Это способ пятый и последний.

Попозже, уже при Империи, в гладиаторы можно было попасть и другими путями, но ни Спартак, ни его товарищи до тех времен не дожили.

И вот привозят в школу будущего гладиатора. Как и полагается – в цепях, в ошейнике. Привозят, в тренировочный зал вталкивают… А что если он драться не захочет? И в самом деле! Не все люди кровожадны, не все согласны свою смерть чужой отдалять. Ведь все равно – крышка, все равно ты уже «там»! Так чего тянуть? Лучше на месте убивайте!

Убивали, причем не так и редко. Например, некий квестор Бальба хотел заставить драться на арене Фадия, римского гражданина. Тот – ни в какую. Тогда этого Фадия сожгли живьем прямо в гладиаторской школе – чтобы другим неповадно было.

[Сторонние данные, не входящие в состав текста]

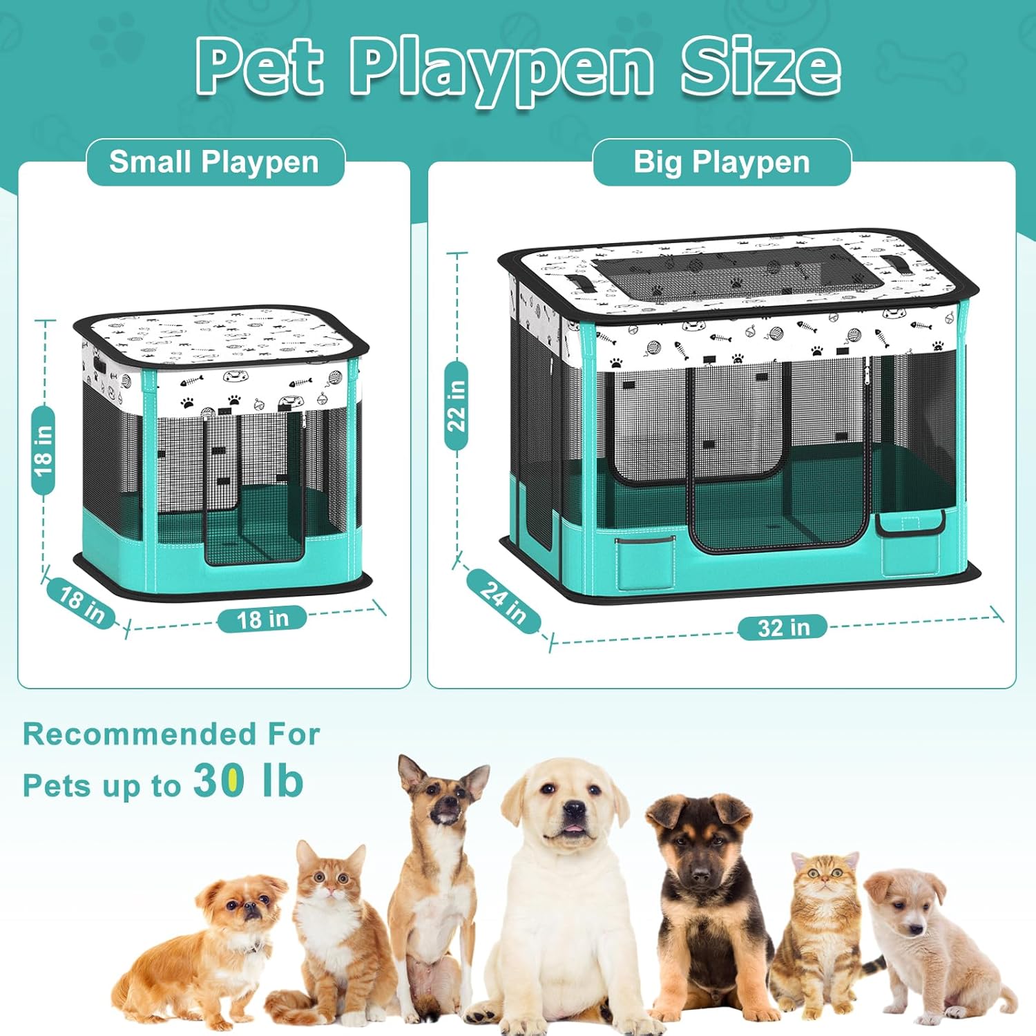 Corralito de tamaño grande: 32 pulgadas de largo x 24 pulgadas de ancho x 22 pulgadas de alto. El corralito para gatos tiene un diseño de bolsillo lateral en el lateral para facilitar el almacenamiento de objetos pequeños que necesitan las mascotas. Adecuado para animales pequeños como uppy, gatito, gato, perro, conejo, etc
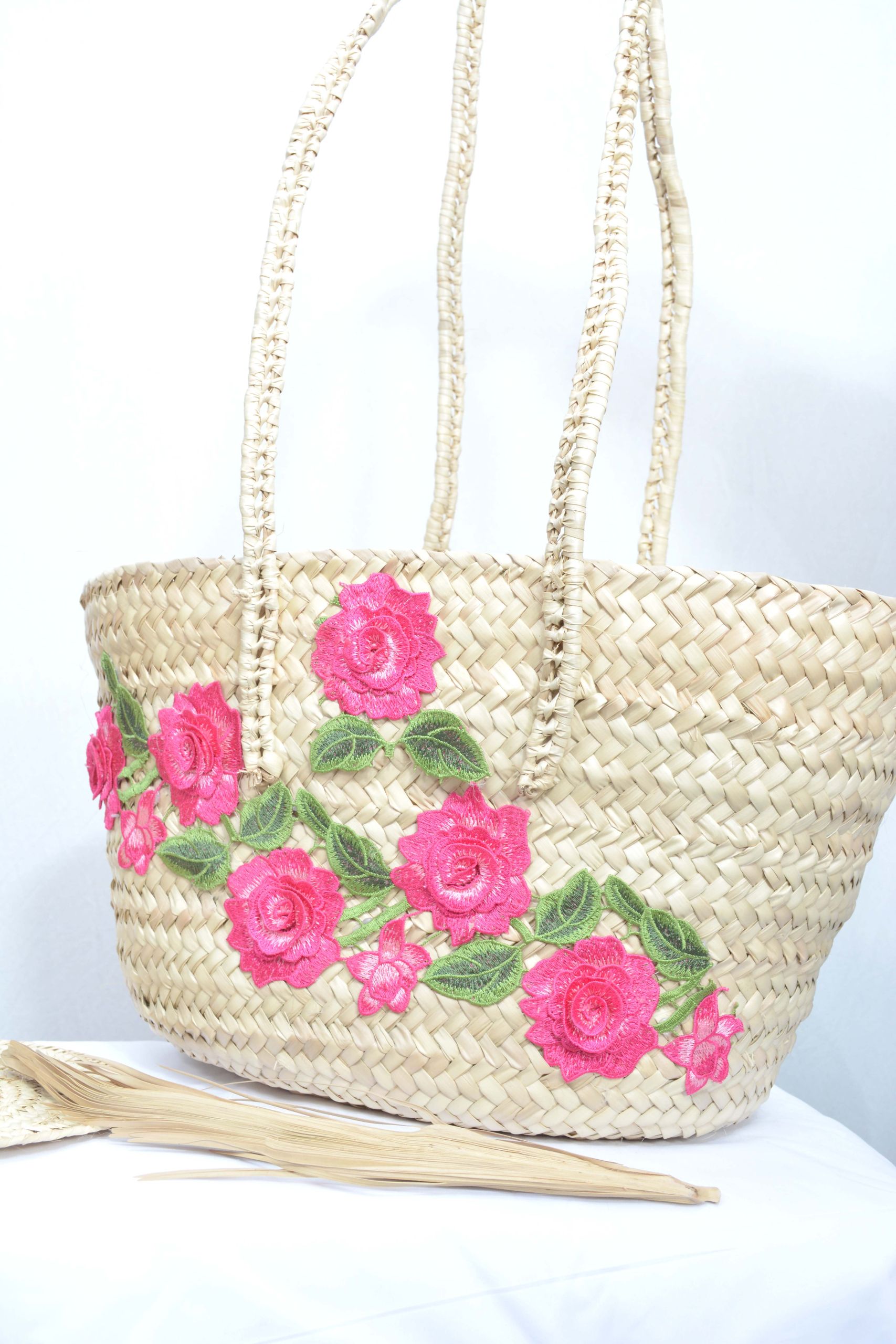 منتوج جزائري يتمثل في سلة كبيرة الحجم مصنوعة يدويا من مادة الدوم الطبيعية، مزينة بأزهار متعددة الألوان تضيف لمسة جمالية مميزة، تجمع بين الإتقان والحرفية التقليدية.
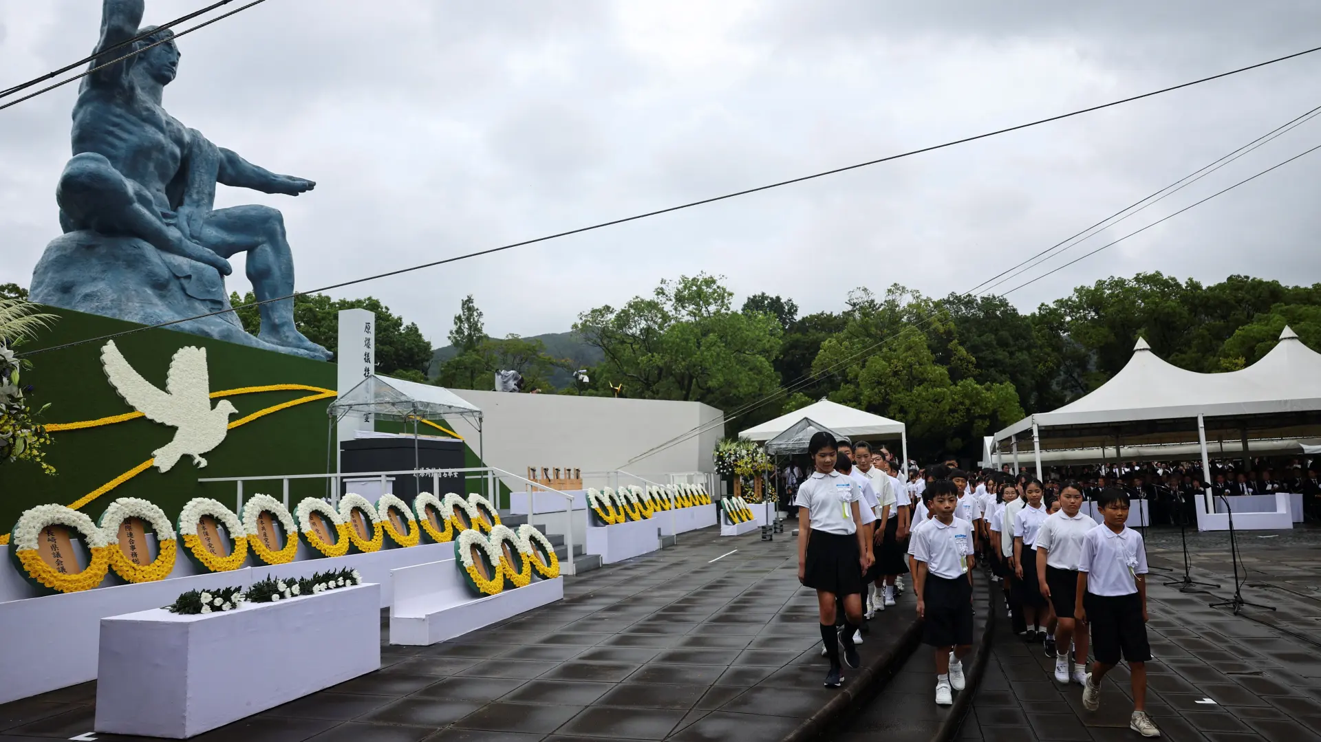 Oko 2.600 učesnika, uključujući delegacije iz više od 90 zemalja, okupilo se u Parku mira u Nagasakiju, preneo je AP.

А зачем вы думаете, нужен школе морг?

Итак, будущие гладиаторы проходили отбор, но не естественный, а наоборот – противоестественный. Не хочешь своих же собратьев резать – умрешь. Не хочешь на арене позориться – умрешь. Не хочешь жить в тюрьме, ячменную баланду хлебать – умрешь. И не просто умрешь, а, так сказать, агитационно, всем прочим на страх.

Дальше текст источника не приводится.